I blinked my eyes to clear it away, trying to focus on the things around me.

I blinked my eyes again in surprise.

I was standing in a room, Hogwarts great hall style minus the tables, crowded with people dressed Victorian England style. Looking down at myself, I was too. Where were my jeans and Converse? The skirts of the dress sat heavily on my hips, and my shoes felt pinched and achy. I never went anywhere without my converse. I only took them off to sleep, if even then. I wanted my normal clothes. Though, this dress was an excellent shade of turquoise. It matched my eyes.

All of the people were looking at me, cheerful, anticipatory smiles on their faces.

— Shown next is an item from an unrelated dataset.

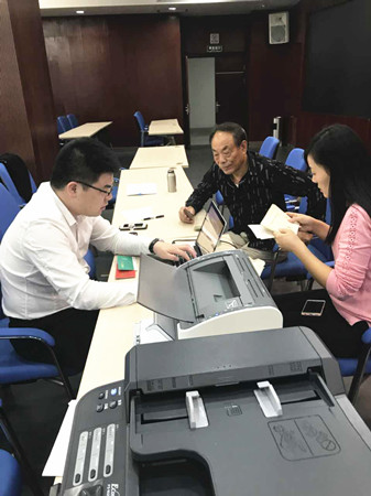 戴著一副黑框眼鏡,憨實魁梧的身形,說話輕言慢語。據(jù)說,某天下班后,還坐在椅子上打電話,一臉溫柔,竊竊私語,同事一直以為他在談戀愛,這打完了電話,才知道是接到股東的電話了,跟對方在解釋股權(quán)收購政策呢。 在股權(quán)流動收購點,小李是電腦操作人員,所以也不大參與解說工作。只是那天正好一位阿婆坐在了電腦對面,說話之間才知大字不識,是聽鄰居說的,就自己摸到這里了。正好手里也空了,李騰飛頓頓身子,放松下來,以黃巖特有的吳言儂語跟阿婆解釋了十幾分鐘,果然,白凈的臉上是一臉的和氣,沉穩(wěn)又實在,確實是傳說中的暖男一枚呀。末了,幫阿婆代簽了字,讓阿婆按了手指印。 但是,在工作的時候,小李讓我們見識到了“騰飛”的效果。流動點只設(shè)一臺筆記本電腦,線上操作都歸他,在大溪鎮(zhèn)政府,來的股東有百十號,流動小組包括駕駛員何杰靚迅速開展了流水作業(yè)。此時此刻,小李那一雙肥白的大手在小巧的鍵盤上十指翻飛,靈活敏捷,操作如行云流水,打印機刷刷地響,不停飛出一份份協(xié)議,傳到下一個工作人員這里。這才知道,每一個人的名字都是名副其實的,“騰飛”的含義是在這里體現(xiàn)的呀。 鄭蔚

My face, in that horrible way, started burning. I hated being the center of attention.

Someone grabbed my hand.

I realized that I wasn’t the only one the people were staring at. The man standing at my side, holding my hand firmly in his own, was tall and handsome. But not my type. His hair was pale and so were his eyes. He looked very . . . regal. I don’t think I’d ever used that word to describe anyone before. But he just, was, decked out like some Victorian lord.

Despite the paleness, there was something dark about him.

What kind of wacky, messed up dream was this?!

He called to the people, his voice carrying, “Friends.”

There was no way all those people were his friends.

He continued, not hearing my sarcastic thoughts. “I apologize for taking time away from your evening. But,” a smile spread across his face, “I’d like to announce that the Lady Gavan has just given me her consent!”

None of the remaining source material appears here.